DataFrame(; MPG=testset[!, target], Bayes=test_prediction_bayes, OLS=test_prediction_ols)10×3 DataFrame
| Row | MPG | Bayes | OLS |
|---|---|---|---|
| Float64 | Float64 | Float64 | |
| 1 | 33.9 | 26.7932 | 26.804 |
| 2 | 21.0 | 22.3845 | 22.4669 |
| 3 | 21.4 | 20.4432 | 20.5666 |
| 4 | 26.0 | 28.933 | 28.9169 |
| 5 | 15.0 | 11.6806 | 11.584 |
| 6 | 10.4 | 13.5769 | 13.7006 |
| 7 | 30.4 | 27.3246 | 27.4661 |
| 8 | 10.4 | 14.3243 | 14.5346 |
| 9 | 18.7 | 17.2586 | 17.2897 |
| 10 | 17.3 | 14.7579 | 14.6084 |
Now let’s evaluate the loss for each method, and each prediction set. We will use the mean squared error to evaluate loss, given by \[ \mathrm{MSE} = \frac{1}{n} \sum_{i=1}^n {(y_i - \hat{y_i})^2} \] where \(y_i\) is the actual value (true MPG) and \(\hat{y_i}\) is the predicted value using either OLS or Bayesian linear regression.
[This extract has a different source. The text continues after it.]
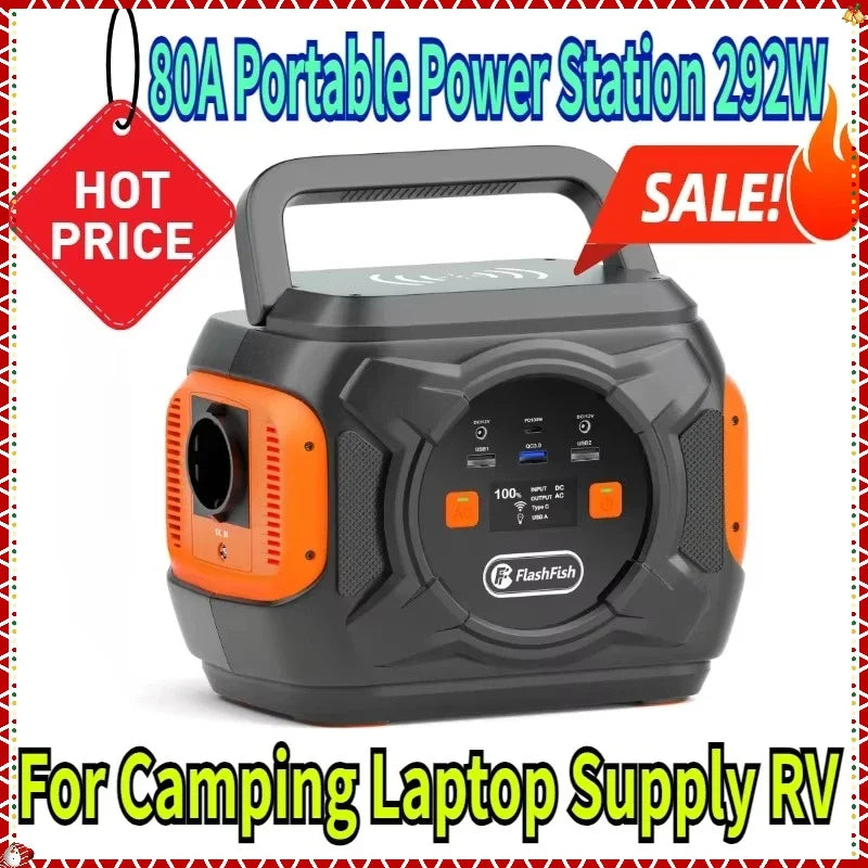 80A Portable Power Station 292W Emergency Solar Generator Battery Pack Wireless Charging for Camping Laptop RV

A lower SSE indicates a closer fit to the data.
println(
"Training set:",
"\n\tBayes loss: ",
msd(train_prediction_bayes, trainset[!, target]),
"\n\tOLS loss: ",
msd(train_prediction_ols, trainset[!, target]),
)
println(
"Test set:",
"\n\tBayes loss: ",
msd(test_prediction_bayes, testset[!, target]),
"\n\tOLS loss: ",
msd(test_prediction_ols, testset[!, target]),
)Training set:
Bayes loss: 4.269843318379247
OLS loss: 4.264328587912453
Test set:
Bayes loss: 11.645119457361819
OLS loss: 11.920700014054287As we can see above, OLS and our Bayesian model fit our training and test data set about the same.